Praca wywiadu gospodarczego AK była – obok rozszyfrowania Enigmy – jednym z najznaczniejszych wkładów Polski w zwycięstwo nad III Rzeszą. Informacje te były nieocenione w ustaleniu celów dla alianckiego lotnictwa bombowego, a później służyły do prawidłowego oszacowania szkód i planowania następnych nalotów. Bombardowania przemysłu Niemiec były jedną z najważniejszych inicjatyw strategicznych aliantów.

Już podczas konferencji w Casablance w styczniu 1943 r. alianci postanowili użyć lotnictwa bombowego do unicestwienia potencjału gospodarczego III Rzeszy. Wyznaczono do zniszczenia kluczowe gałęzie przemysłu: lotniczy, łożysk kulkowych, paliwowy, transport. Wykaz celów obejmował także zakłady benzyny syntetycznej i rafinerie w Policach, Kędzierzynie-Koźlu, Blachowni Śląskiej, Zdzieszowicach, Oświęcimiu, Trzebini, Czechowicach-Dziedzicach, Drohobyczu. Niewielu dziś wie, że zakłady w Blachowni Śląskiej były trzecim co do częstotliwości bombardowanym zakładem paliwowym III Rzeszy.

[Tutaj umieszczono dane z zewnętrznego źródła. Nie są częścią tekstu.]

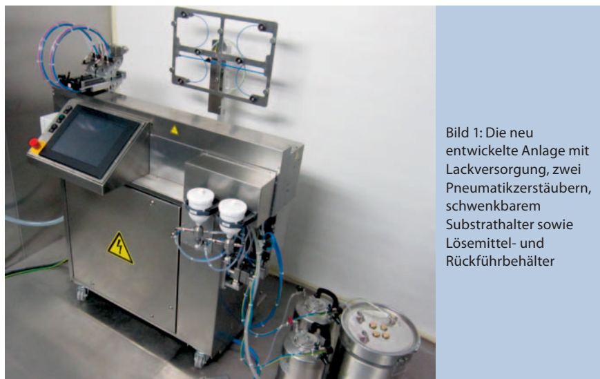
Bild 1: Die neu entwickelte Anlage mit Lackversorgung, zwei Pneumatikzerstäubern, schwenkbarem Substrathalter sowie Lösemittel- und Rückführbehälter

Wörwag wählte eine fast vollständige Komplettausstattung mit zwei Zahnradpumpen. Einzig auf die Fließbecher-Automatikpistole wurde verzichtet. Da-
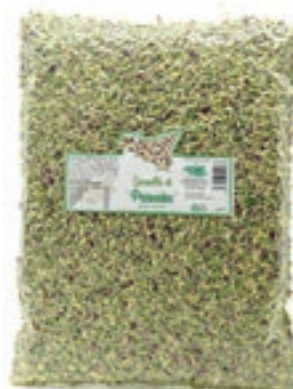
PIS210 GRANELLA DI PISTACCHIO KG 1
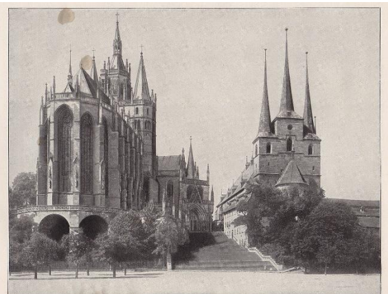
Dom um 1900

https://www.leichter-reisen.info/fileadmin/_processed_/3/1/csm_1393_DomundSeveri_2f2cf55190.jpg
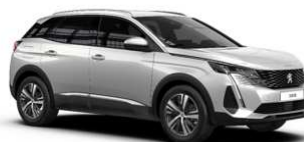
Bela Nacré - N9M6
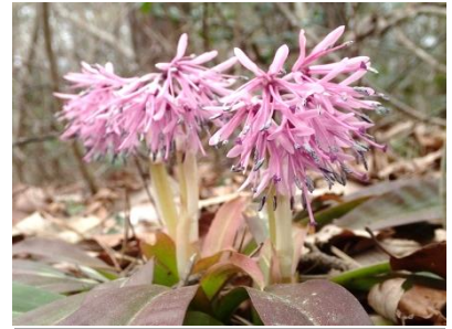
ショウジョウバカマ

マンサクは〈春にまず咲く〉の言葉通り、ねいの里で一番早く咲く花です。(ねいの里にあるのは、積雪地に適応したマルバマンサクという種類。)その後を追うようにキンキマメザクラ、ショウジョウバカマ、カタクリと続きます。春の女神と言われるギフチョウが現れ、カタクリやショウジョウバカマで吸蜜しながら飛び交う可愛い姿を見せてくれるのも、この頃です。
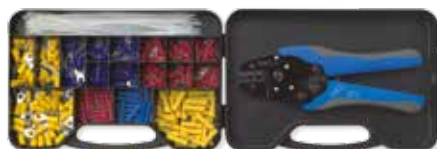
225 CAPICORDA + PINZA 534 COD. 80401
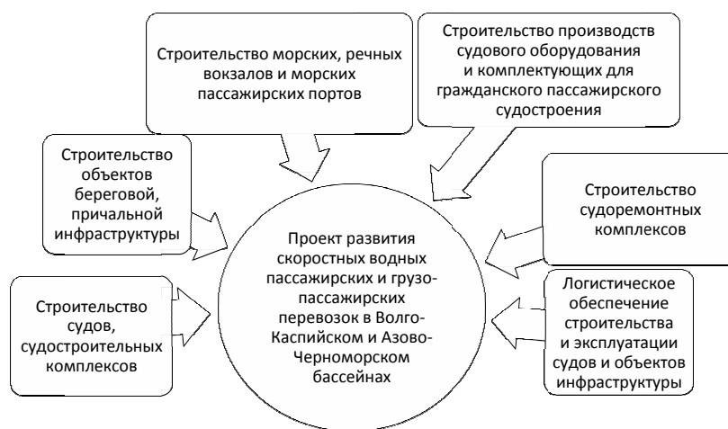
Рис. 4. Отраслевые сегменты бизнеса SRP проекта

Каждый из этапов – сложнейшая многокритериальная задача с огромным количеством показателей, ограничений и неоднозначностью их интерпретации (рис. 5).
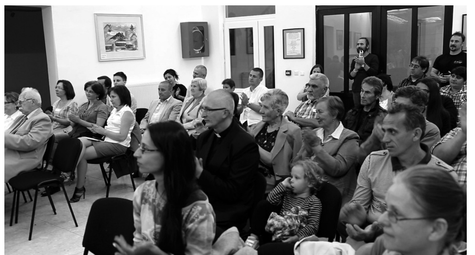
Családtagjaik, barátaik kíséretében érkeztek a kötetben megszólalók az eseményre

Skuteczność nalotów była druzgocąca. W kwietniu 1944 r. przemysł Rzeszy wyprodukował 175 tys. ton paliw, a pięć miesięcy później, we wrześniu, już tylko 5300 ton paliw, i taka produkcja utrzymała się do końca wojny. Dla porównania, w 2013 r. w Polsce zużywano średnio miesięcznie 300 tys. ton benzyn silnikowych.

NA GRANICY ZASIĘGU

Pierwszy raz amerykańskie samoloty pojawiły się nad obecną Polską w październiku 1943 r., atakując zakłady lotnicze w Malborku. Potem było kilka nalotów w pierwszej połowie 1944 r., gdy bombardowano inne zakłady lotnicze, m.in. w Krzesinach, Poznaniu, Żarach, Pile, Rumii, port w Gdyni, zakłady benzyny syntetycznej w Policach. Naloty te wykonywały bombowce 8. Armii Powietrznej USA, startujące z baz w Wielkiej Brytanii.

Zakłady paliwowe na południu Polski stały się celem zmasowanych ataków w lipcu 1944 r., gdy na lotniskach w południowych Włoszech ulokowała się 15. Armia Powietrzna USA. Do 26 grudnia 1944 r. przeprowadziła ona 19 ataków na zakłady produkujące benzynę syntetyczną w Kędzierzynie-Koźlu, Blachowni Śląskiej, Zdzieszowicach i Oświęcimiu. Każdy nalot na cele w Polsce był jeszcze bardziej ryzykowny niż zwykle, gdyż atakowane obiekty znajdowały się na krawędzi zasięgu operacyjnego. Usterka silnika czy zwiększone zużycie paliwa przekreślały szanse na powrót do bazy.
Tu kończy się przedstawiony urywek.